Des identifications peptidiques ont été trouvées à partir d’échantillons enrichis à l’aide de la méthode de la chromatographie d’affinité métallique immobilisée en titane à double fonction sur chaque fraction d’élution. La majorité des glycopeptides éluent dans les quatre premières fractions, tandis que la majorité des phosphopeptides éluent dans les trois dernières fractions, réduisant ainsi les interférences potentielles dans l’ionisation.
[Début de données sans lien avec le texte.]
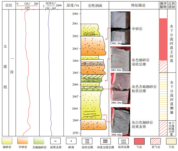 太原组三角洲前缘水下分流河道多发育中砂岩和细砂岩,粒度自下而上逐渐变细、交错层理发育,测井曲线形态呈箱形和钟形。神府地区X1-39井取心井段沉积微相分析表明(图 11),主要发育两期水下分流河道,间夹分流河道侧翼沉积。水下分流河道岩性主要为灰色—灰白色中砂岩、细砂岩,偶夹泥质条带,发育羽状、板状交错层理,对应的孔隙度平均为9.3%,渗透率平均为0.049mD;河道侧翼主要岩性为灰色含砾细砂岩,具有板状层理,对应的孔隙度平均为6.7%,渗透率平均为0.016mD,三角洲前缘水下分流河道沉积微相砂岩的孔渗性与含气性较河道侧翼均较好,表明水下分流河道是太原组沉积储层的主要发育有利区。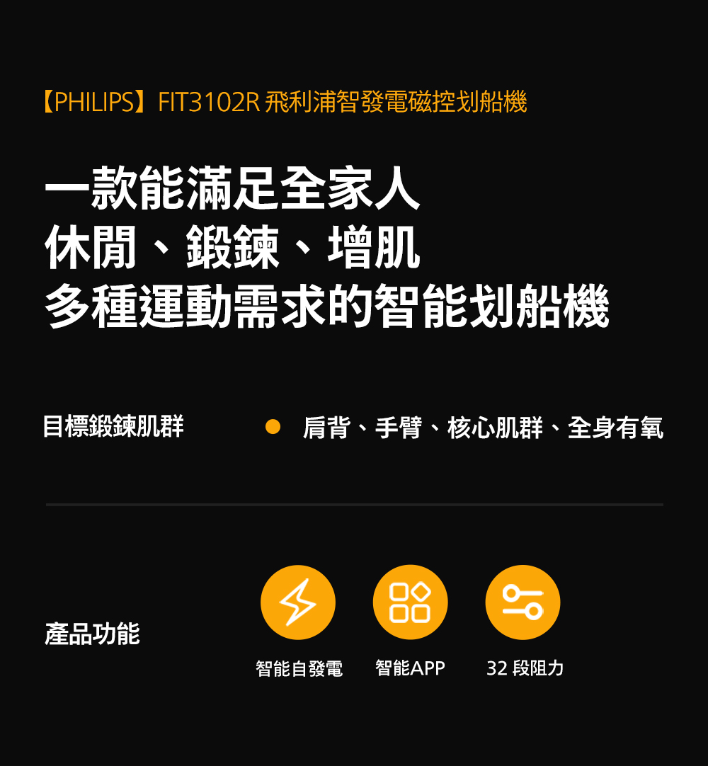 【PHILIPS】FIT3102R 飛利浦智發電磁控划船機-小鯊魚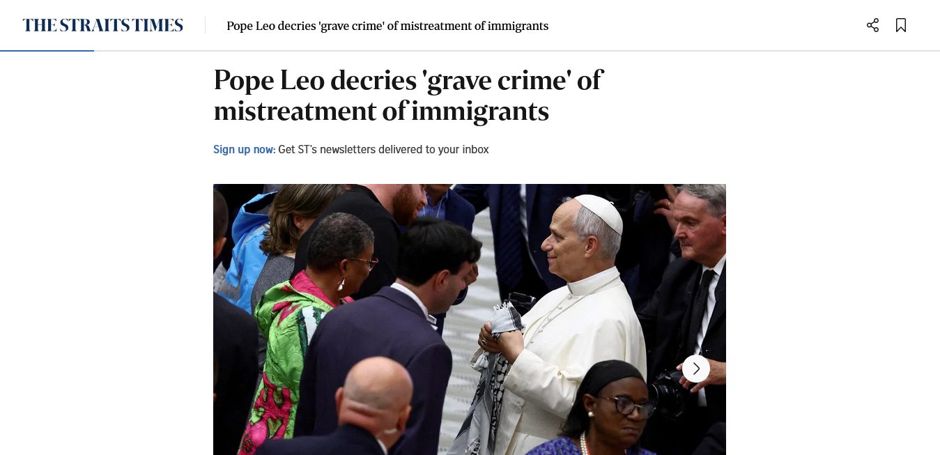 Editor’s Note: When Marxists speak, you have to decode what they intend to signify by the buzz words they use. That is why the Straits Times, which quotes the actual words of the illegally elected Leo XIV — a juridical fact which makes him an “antipope”, that is, a false claimant to the office of Bishop of Rome — whereas, here at FromRome.Info, I nearly always place a leader on the article which explains the meaning of the news in plain language, as a Christian ought to do.

Les résultats glycoprotéomiques de la méthode du double titane ont été comparés à un enrichissement Ehrlich-glycopeptide uniquement, démontrant que les proportions de chaque type de glycane après avoir été regroupées en six catégories en fonction de leurs compositions, sont similaires entre les deux méthodes.
Les résultats phosphoprotéomiques de la méthode du double titane ont été comparés à un enrichissement conventionnel par chromatographie d’affinité métallique immobilisée à phosphopeptide uniquement ou en utilisant les deux méthodes. La majorité des acides aminés phosphorylés ont été identifiés comme étant de la sérine et de la thréonine, avec environ 1% de tyrosine phosphorylée. Il est important de bien construire la pointe de rotation pour assurer une élution en douceur.
Branchez fermement le coton dans la pointe, de sorte que le matériau d’enrichissement puisse être emballé sur le coton. Nous avons utilisé la méthode IMAC en titane à double fonction pour la caractérisation simultanée de la glycosylation et de la phosphorylation dans la plupart des tissus et de la protéine de pointe du SARS-CoV-2.